What do you exactly mean by "LTE networks which are still supported by
legacy infrastructure"? I did not quite follow here. How would that affect
to the always on behavior of the LTE ?

- JOuni

> you are given an IP address, and you are billed for the time you are "on
> line". If you are reachable via UDP, an attacker can keep you on line more
> than you would like, and also exhaust your battery. Therefore normally a
> mobile operator shields you from being "so" reachable.
> 
> On "pure" LTE the paradigm is a little different as you are supposed to be
> always on line - you have always an IP address, and even your voice and
> signalling are transmitted via IP (although there are fallback options to
> the older technologies if required/configured).
> 
> I am aware of course of the VZW implementation but I am not sure which kind
> of LTE is deployed.
> 
> PS. NAT was not born to provide security, but it provides _some sort_ of
> security, and moreover it allows easier full logging of the traffic...
> 
> Hope this helps.
> 
> 
> Cheers
> 
> 
> On 29 May 2013 12:23, Eric Vyncke (evyncke) <evyncke at cisco.com> wrote:
> 
>> I do not want to be rude, but, what is the difference between your use
>> case and my smart phone which has a public IPv4 address on its cellular
>> interface?
>> 
>> AFAIK, in IPv6 mobile phones get a /64, so, a lot if not all layer-2
>> attacks related to IPv6 do not apply
>> 
>> Eric
>> 
>> 
>> 
>> 
>> Le 29 mai 2013 à 08:25, "김무성" <disaster at sk.com> a écrit :
>> 
>>> One of advantage which deploy ipv6 network on telecom is that all
>> smart-phone can have a public IPv6 address.

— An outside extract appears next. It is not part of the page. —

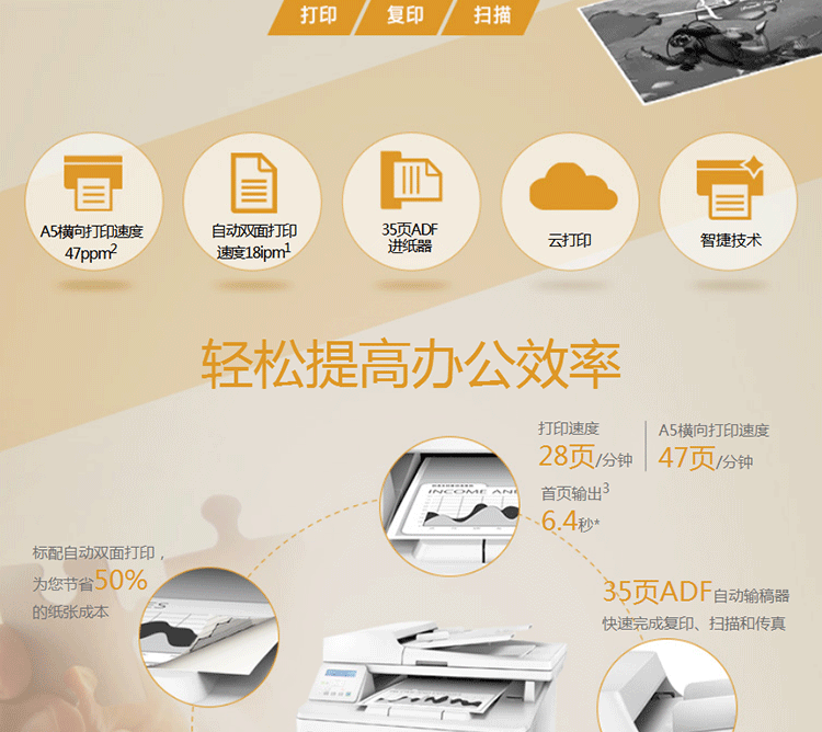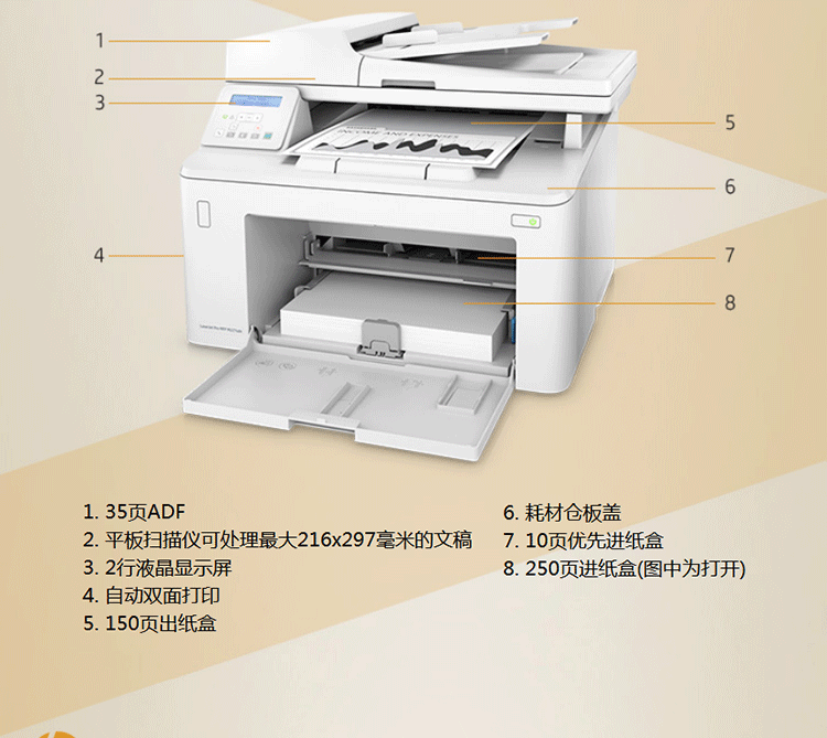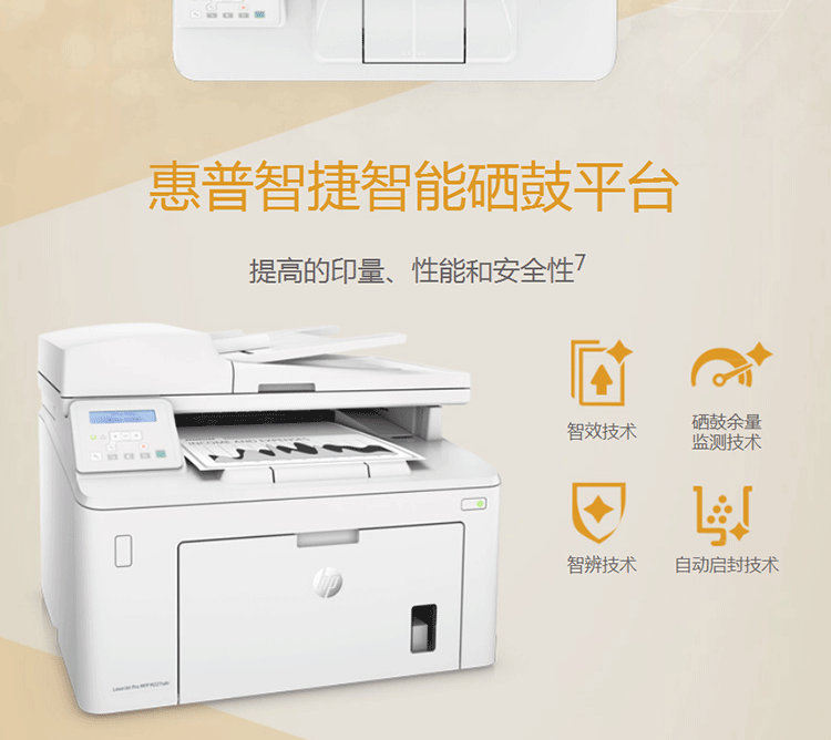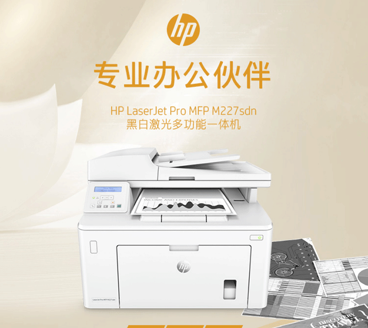 商品名称:惠普(HP)M227sdn 黑白激光一体机 A4幅面 打印/复印/扫描 打印速度28cpm 打印分辨率1200*1200dpi 扫描分辨率

>>> But it cause security problem that hacker can attack smart-phone
>> directly.
>>> If deploy a NAT6/6 or NAT6/4 device for security, availability of ipv6
>> is low
>>> And have to have ALG (Application Layer Gateway) device for providing
>> service. (ex, SIP ALG for VoIP on LTE, etc)
>>> 
>>> Is there a solution that use public IPv6 address on smart-phone and
>> strengthen security?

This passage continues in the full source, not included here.